If my first three weeks in the Thai jungle taught me one thing, it was this: I was not prepared, mentally or emotionally, to be a guide. There was nothing I could really do about that, and while it’s never stopped me from doing anything before (and it certainly wasn’t going to stop me now), I figured the least I could do was be better equipped.
I combed the local markets, piecing together odds and ends for a survival kit: bandages, medicine for sunstroke, salt tablets, antibiotic cream, anything that might come in handy, at a reasonable price (the Jungle Adventure Tour Company did not share my sense of responsibility, or expenses, in these matters). Once I had the essentials, I shopped for something to complete my look, something to make up for my utter lack of experience and competence, something that said, “I’m not just another backpacker who’s taking a job away from the locals, I’m a Jungle Guide.”
The first thing I found was a machete, but I couldn’t quite work out how to hang it from my belt and walk without cutting chunks out of my leg. I searched for something a little safer; I wanted to cultivate a certain aura of danger without actually hurting myself. Eventually I found the perfect accessory: a classic Clark Gable Mogambo African Safari hat with the brim snapped up on one side. I tried it on and instantly became the Great White Hunter. The only things missing were the elephant gun and the team of porters, but I couldn’t afford them.
The morning after my purchase, I led a trek out in the jungle, proudly, no, shamelessly wearing my hat, forgetting the survival kit back at the compound. I swaggered down the trail, leading a tour package of Danish girls who put their young, nubile lives into my now oh-so-capable hands.

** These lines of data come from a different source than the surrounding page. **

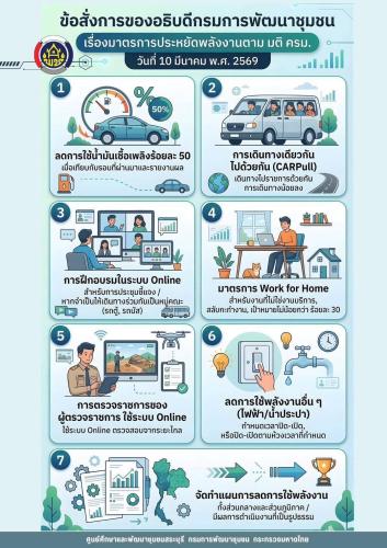 สำนักงานพัฒนาชุมชนอำเภอแม่สรวย จังหวัดเชียงราย น้อมรับมติคณะรัฐมนตรี (ครม.) และข้อสั่งการของอธิบดีกรมการพัฒนาชุมชน เมื่อวันที่ 10 มีนาคม 2569 ในการขับเคลื่อนมาตรการประหยัดพลังงานอย่างเคร่งครัด เพื่อเตรียมความพร้อมรับมือสถานการณ์ความผันผวนด้านพลังงานโลกครับ/ค่ะ
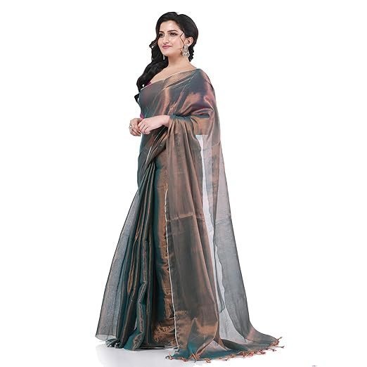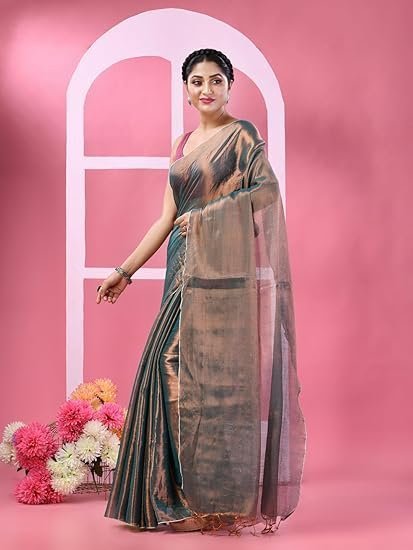 TANTLOOM Women’s Soft Solid Tissue Cotton Silk Handloom Cotton Silk Saree With Blouse Piece
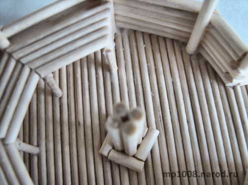 Шаг 20. Отмеряем и приклеиваем палочки для сидения скамьи. Я уже упоминал выше, что не стоит лениться в примерке. Если палочка не подходит, отложите ее или выкиньте. Возьмите и отмерьте новую. Результат неправильно отрезанной палочки может быть невидим поначалу, зато потом он будет сильно бросаться в глаза. По центру фото, прямо в середине скамьи виден результат некачественно подогнанной палочки. Она выбивается из дружного ряда. И это уже не исправить - клей высох. Я специально оставил эту кривую палку и не стал вырезать новую, чтобы наглядно показать, что может получиться, если не отмерить семь раз перед тем как клеить. Нестыковка в данном случае внутри беседки и не будет так сильно видна.
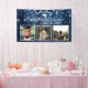 Large three photo collage graduation banner for all of the graduates' photos! Design features a modern white "Congratulations" calligraphy script design on a glittery navy blue background. Personalise the custom text with the class year and name.
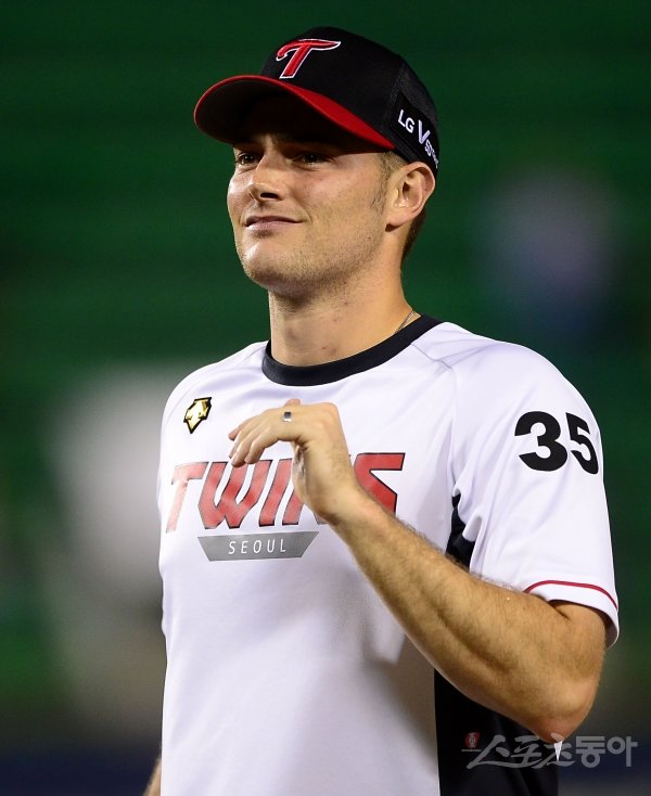 14일 서울 잠실야구장에서 열린 ‘2019 신한은행 MY CAR KBO리그’ 키움 히어로즈와 LG 트윈스의 경기에서 키움이 장단 17안타를 몰아치며 14-0 대승을 거두며 전날 끝내기 패배를 설욕했다. 경기 후 시즌 6패(10승)을 기록한 LG 윌슨이 관중석을 보며 미소를 짓고 있다.

After about an hour on the trail, I heard a sound Tcht! off in the bush. I stopped dead in my tracks and held up my hand, the signal for the group to stop and be quiet. Then I explained to the girls that raising my hand was the signal to stop and be quiet. I wondered if the noise could be an animal. I looked, I listened, we waited…
Nothing. I lowered my hand. We moved on. A few minutes later, another Tcht! I stopped, my hand raised. What was out there? Again I looked. I listened. I sniffed for the scent of animals. After only a few weeks of being in the jungle, I noticed that all my senses were becoming more acute, alive, sharper than ever before. I could feel the jungle. I was the jungle.
The girls were getting antsy and chatty, but I just knew there was something out there. I whispered back to them, “Whatever you do, stay close and do not, I repeat, do not pick up any babies.”
“Babies? What are you talking about?” one of them asked.
“Ssh!” it wasn’t the time for questions.